Я так и не съехала от Макара. Тот наш разговор отчетливо дал понять: Макар решил все окончательно и сомнений не допускает. Даже мне. То, что я для него важна, именно такая, не прежняя, гадать не приходилось. Он говорил словами, доказывал поступками и одаривал в постели.
Любит. Любит. Любит.
Люблю. Люблю. Люблю.
Вот одно лишь осталось незавершенным— мои вещи и разговор с Артемом. И как бы я не откладывала, как бы не пыталась отсрочить, это было неизбежным. И прежде нужно было предупредить об этом Макара. Ага, вот обрадуется! Поэтому и хожу весь выходной со стороны в сторону, пока мой мужчина отвлекся на документы, которые ему в срочном порядке прислали по почте.
Впервые Лукашин написал в среду, как раз на следующий день после поездки к Ветрову-старшему. Одно короткое «Хочу поговорить». Ответила, что загружена на работе под завязку и вернулась к Макару. Беседовать с ним о подобном язык не повернулся. Хватит с него впечатлений и без Лукашина. Не то, чтобы я хотела втягивать Макара в свои прошлые отношения, но сказать была должна.
Второе сообщение получила сегодня: «Давай встретимся завтра. Мне есть, что сказать тебе».

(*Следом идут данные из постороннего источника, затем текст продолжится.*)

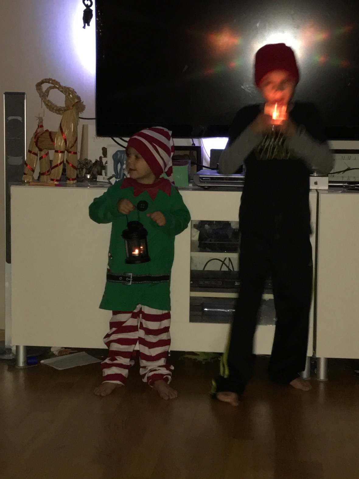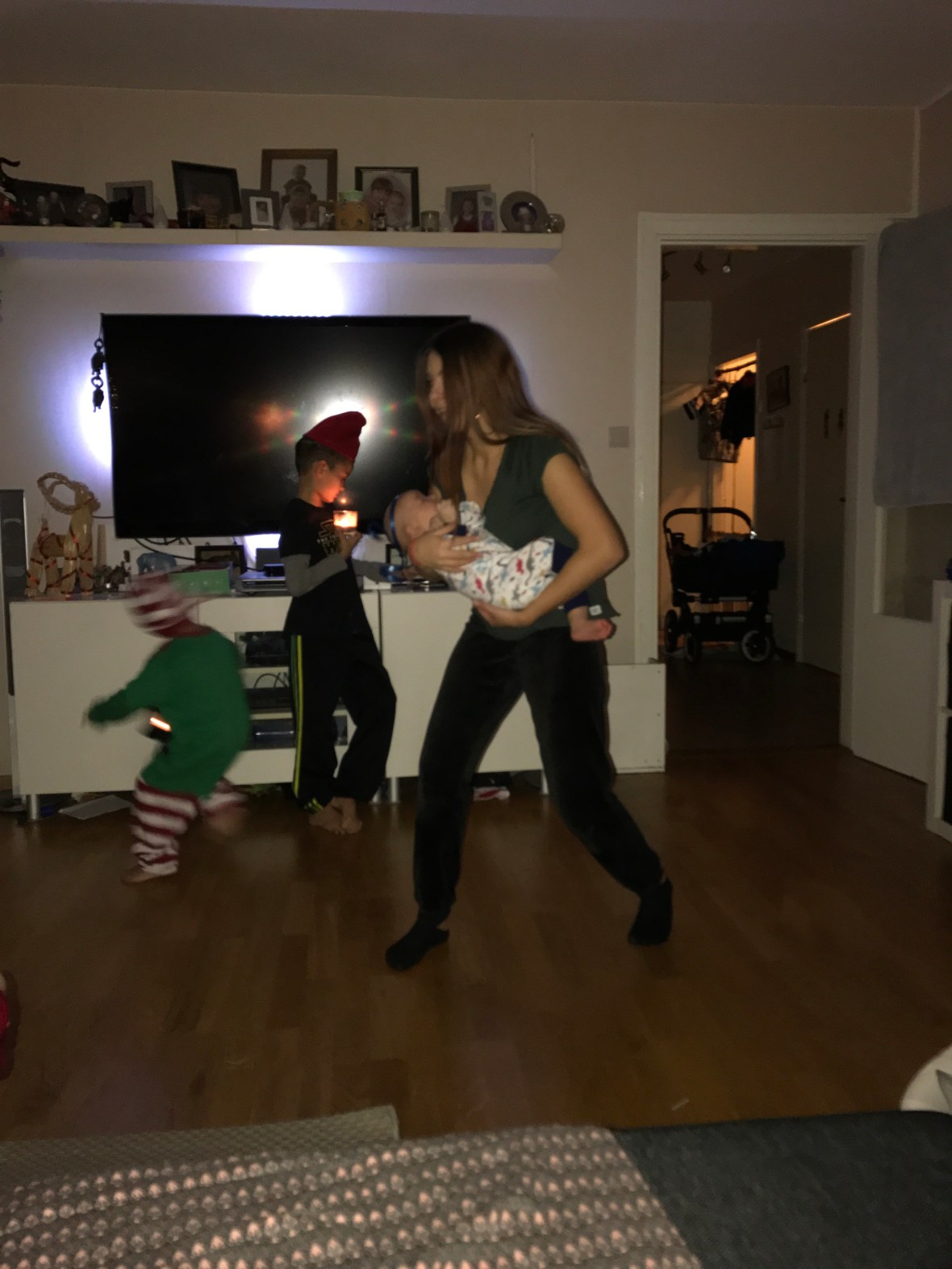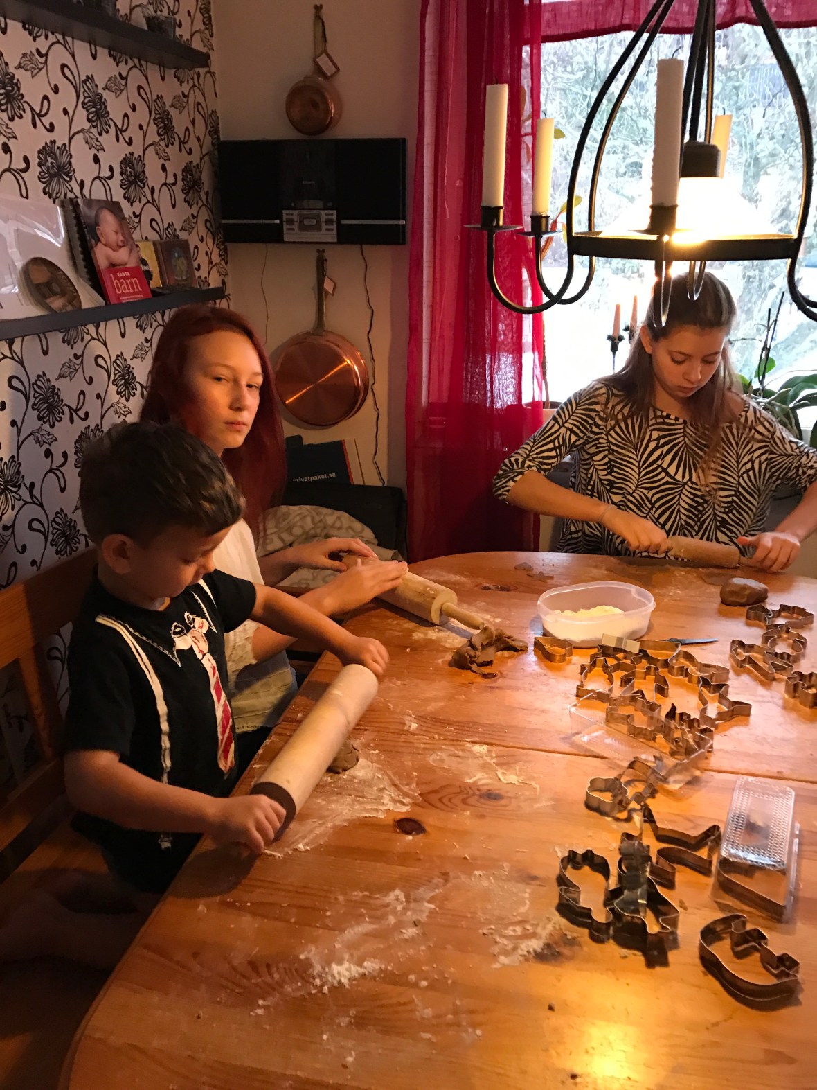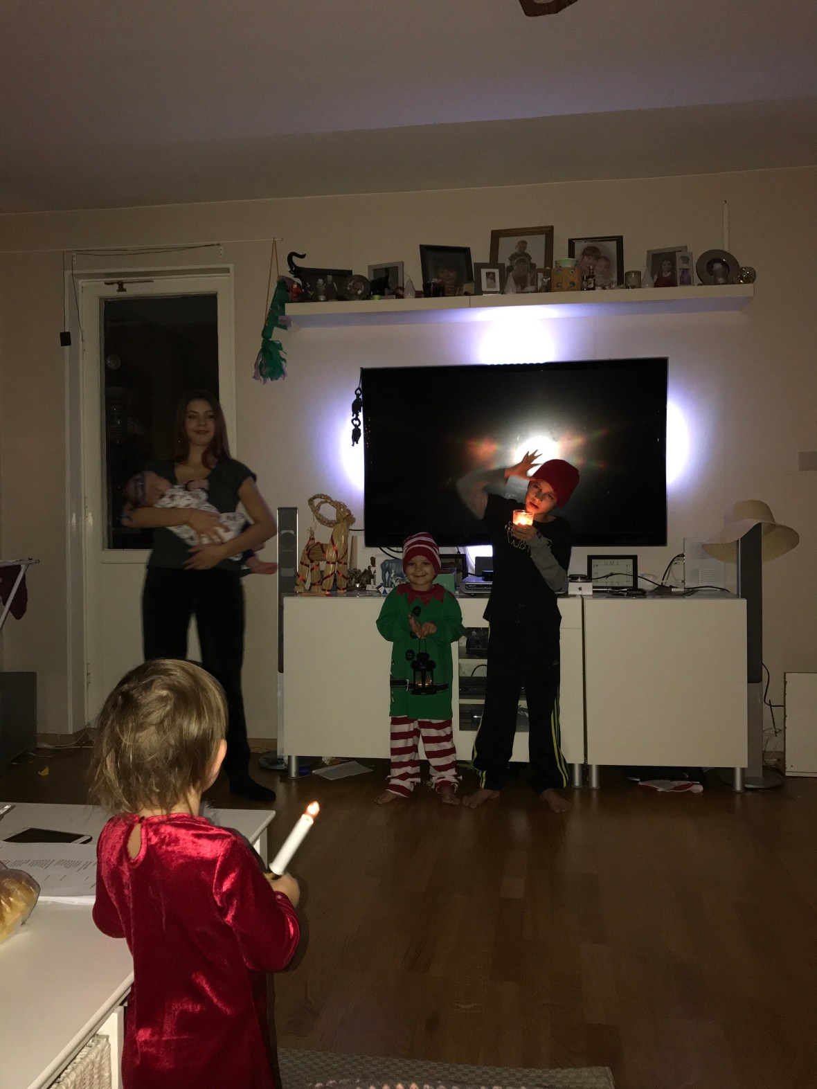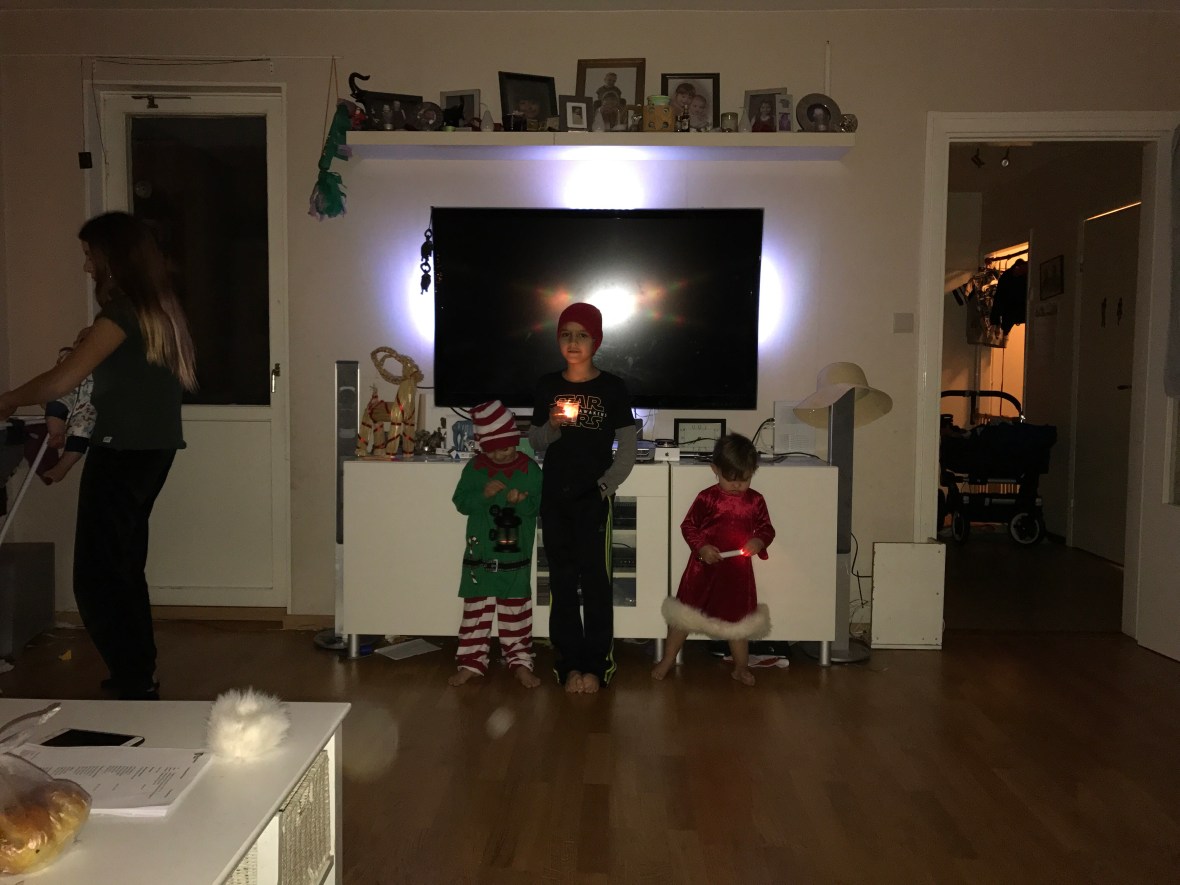 Ikväll var R ute med jobbet. Dom körde GoCart och åt på O’Learys i Kista. Det var deras ”julbord” från jobbet. Lite tråkigt tycker jag, julbord är ju julbord, inte hamburgare på O’Learys. R tycker lite likadant, men hade trevligt iaf. Jag och barnen åt tacos & sen godis & chips till dom. Mamma kom och hälsa på vid 19.30 och gick väl runt 21.30. Sara drog till kvällsgården, Max & Ebba somnade redan innan 21 & Noel gick å la sig innan mamma gick. Blev helt paff, hade förväntat mig en pain-in-the-ass kväll, men det var bara jag och Sigge som låg på soffan och slötittade på Idol. Grattis Liam förresten. R kom hem tidigt oxå, runt 22.10.. Imorgon ska barnen och R bygga ihop pepparkakshus och Sigge o jag kommer nog slöa i soffan :). Jag har typ noll koncentration att lägga på peppis-hus-bygge..

«Ладно. В два часа дня у тебя дома, заодно заберу вещи и верну тебе ключи.» — специально подчеркиваю свои намерения. Думаю, что за время, пока меня не было в жизни Артема он уже смирился с этим, но лишним не будет.
— Макар, — подхожу ближе, когда он, закончив с электронным документом потягивается и захлопывает крышку ноутбука, — хочу поехать завтра вещи забрать к Артему.
— Хорошо. Завтра я свободен, — отвечает беспристрастно.
— Я думаю, лучше мне сделать это самой, — таки сажусь за стол, предчувствуя долгий и непростой разговор.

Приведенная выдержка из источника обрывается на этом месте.